Archive for the ‘business’ Category

Today’s TPP roundup

Thursday, October 8th, 2015

Julia Hahn defines Obamatrade:

Obamatrade collectively refers to Trade Promotion Authority (TPA), which is the controversial fast-track mechanism for ramming trade treaties through Congress with minimum scrutiny, and the three major trade deals that would be guaranteed these “fast-track” protections before a page of them had been made public: the Trans-Pacific Partnership (TPP), Transatlantic Trade and Investment Partnership (T-TIP) and Trade in Services Agreement (TiSA).

And the reason we can’t find the text of the agreement? (emphasis added)

Because TPP is a “living agreement,” it can be changed subsequent to its adoption. This means that a group of twelve nations– and any new nation member that gets added to the partnership– would be empowered with, what Sen. Sessions has described as, “a sweeping new form of global governance. TPP calls this new global authority the ‘Trans-Pacific Partnership Commission.’”

Hillary backtracks: Hillary Clinton: I Totally Oppose That Trade Agreement I Negotiated In 2012.Despite referring to it as the “gold standard” for trade agreements in 2012, Hillary Clinton says she now opposes the Trans-Pacific Partnership, or TPP.

Moe Lane points out that

She’s just coming out against it this publicly because Barack Obama is publicly in favor of it.
. . .
Also, let’s be honest: Barack Obama only supports the TPP because it’s his trade deal.

Hillary Comes Out Against TPP, Pleasing Her Left Flank

Hillary’s not alone: China and Europe may team up to snub TPP, and the director of the Sierra Club says Congress Should Oppose TPP on Environmental Grounds

How TPP cements Obama’s corporatist legacy

The disagreements over the TPP’s provisions are nuanced and complex. But the theme is not. Indeed, the TPP could well be President Obama’s most enduring legacy, because it gives his corporatism its biggest stage yet. It captures the central idea of his presidency — that when big government and big business make policy, the result is good for average Americans, even if it reduces their political freedom, or even their political participation. ObamaCare laid that marker down domestically, triggering a lightning round of health industry consolidation that turned the “big five” insurers — and their $346 billion yearly revenues — into a “big three.” The math is simple: When everyone has to buy the products dominant corporations sell, dominant corporations win. From a liberals’ standpoint, TPP takes the idea global — allowing powerful international corporations to further disadvantage American workers through a complex set of legal, financial, and economic privileges. As Rep. Rosa DeLauro (D-Conn.) put it: “The administration has put big business first, [and] workers, communities, and small businesses last.”

Back to Hahn,

Fast track authority lowers the 67 votes required to pass a treaty to a mere simply majority, it surrenders the 60 vote filibuster, and it forfeits individual senators’ ability to add amendments or changes to the trade deals negotiated by the president. It also allows the President to sign the agreement before Congress even votes.

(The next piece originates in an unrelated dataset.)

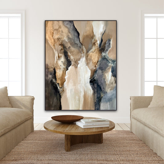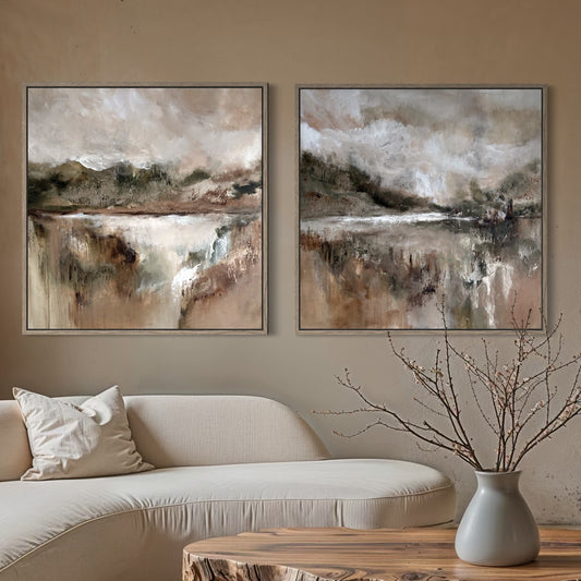 Mine malerier er abstrakte, men jeg er inspireret af naturen og landskabet omkring os. Teknikken har jeg udviklet ved at eksperimentere med forskellige lag af akrylfarver blandet med vand, sand og guld. Jeg brænder for at lave meningsfulde værker som rammer noget i dig.

With that, and the Republicans never finding “a hill to die on,” $5 says TPP is a sure thing.

We talked about the TPP in last night’s podcast,

The TPP and the two unknowns

Wednesday, October 7th, 2015

Donald Rumsfeld famously defined the two unknowns (emphasis added):

There are known unknowns. That is to say, there are things that we know we don’t know. But there are also unknown unknowns. There are things we don’t know we don’t know.

Read about The TPP and the two unknowns.

This just in: TPP signed

Monday, October 5th, 2015

The LatAm countries are Mexico, Peru and Chile (which in turn are members of the Pacific Alliance):
U.S. Reaches Trans-Pacific Partnership Trade Deal With 11 Pacific Nations. Trans-Pacific Partnership created after bitter fights over automobile industry, intellectual property rights and dairy products. China is not included since it did not meet criteria. The TPP is yet to be approved by Congress,

But Mr. Obama faces a steep challenge in the months ahead to win approval for the deal in a deeply divided Congress. Only a handful of Democrats support Mr. Obama’s trade policy, and Republican support is unpredictable in the 2016 election year, depending on the stance of presidential candidates and new leadership in the House. As it is, the deal can’t go to a vote before Congress until early next year.

Ian Bremer commented on the TPP on Facebook – now on YouTube,

Brazil: U.S. fast food chains expanding

Friday, September 4th, 2015

Anyone fighting the red tape has earned my admiration.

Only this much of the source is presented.